WORK REQUEST - Print the listing below exactly, minus its pictures.

━━━ DATASET EXCERPT ━━━

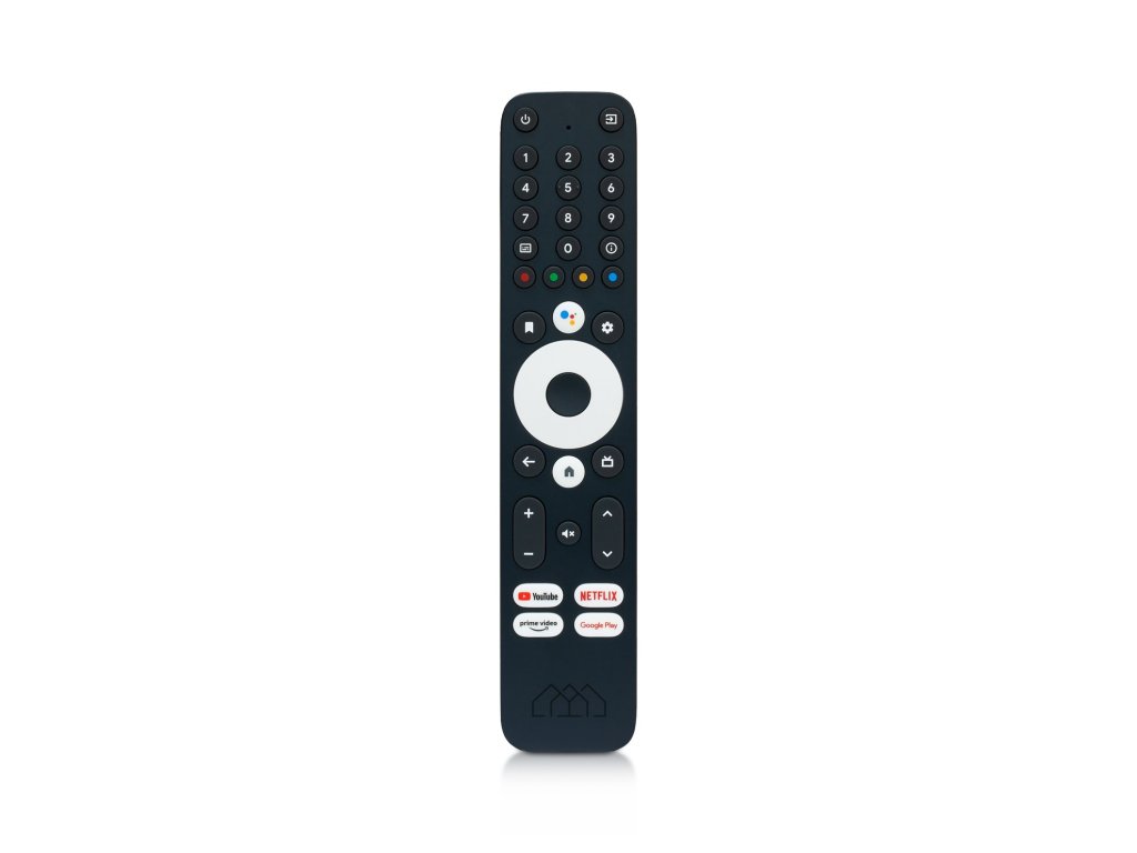 Diaľkové ovládanie Homatics Big Doplnkové bluetooth diaľkové ovládanie pre produkty značky Homatics. Na ovládaní nájdete oproti štandardnému aj numerické tlačidlá, farebné tlačidlá, ktoré využijete v niektorých aplikáciach, tlačidlo na zmenu AV/HDMI vstupu a samozrejme všetky tlačidlá zo štandardného ovládania. Ovládanie môžete používať aj pre hlasové povely služby Google. Povedzte čo Vás zaujíma alebo čo chcete sledovať a Google asistent Vám to zobrazí priamo na Vašej TV. Porovnanie veľkosti Big ovládania a štandardného ovládaniaDodatočné parametre
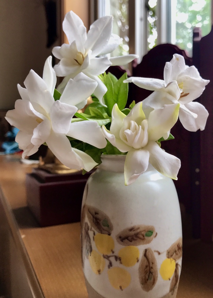 一场大雨后,剪几朵栀子花,插在花瓶里欣赏,淡淡幽香,沁人心脾……
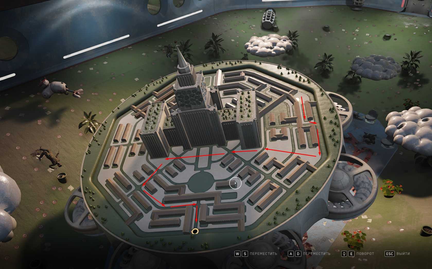 Взаимодействуйте с устройством на краю балкона, чтобы управлять механическим островом. Поворот острова – клавиши QE, наклон – WASD. Ваша задача: довести шарик до лунки. На изображениях ниже показан примерный маршрут движения шарика.

━━━

ANSWER TO THE PROBLEM -
 Diaľkové ovládanie Homatics Big Doplnkové bluetooth diaľkové ovládanie pre produkty značky Homatics. Na ovládaní nájdete oproti štandardnému aj numerické tlačidlá, farebné tlačidlá, ktoré využijete v niektorých aplikáciach, tlačidlo na zmenu AV/HDMI vstupu a samozrejme všetky tlačidlá zo štandardného ovládania. Ovládanie môžete používať aj pre hlasové povely služby Google. Povedzte čo Vás zaujíma alebo čo chcete sledovať a Google asistent Vám to zobrazí priamo na Vašej TV. Porovnanie veľkosti Big ovládania a štandardného ovládaniaDodatočné parametre
 一场大雨后,剪几朵栀子花,插在花瓶里欣赏,淡淡幽香,沁人心脾……
 Взаимодействуйте с устройством на краю балкона, чтобы управлять механическим островом. Поворот острова – клавиши QE, наклон – WASD. Ваша задача: довести шарик до лунки. На изображениях ниже показан примерный маршрут движения шарика.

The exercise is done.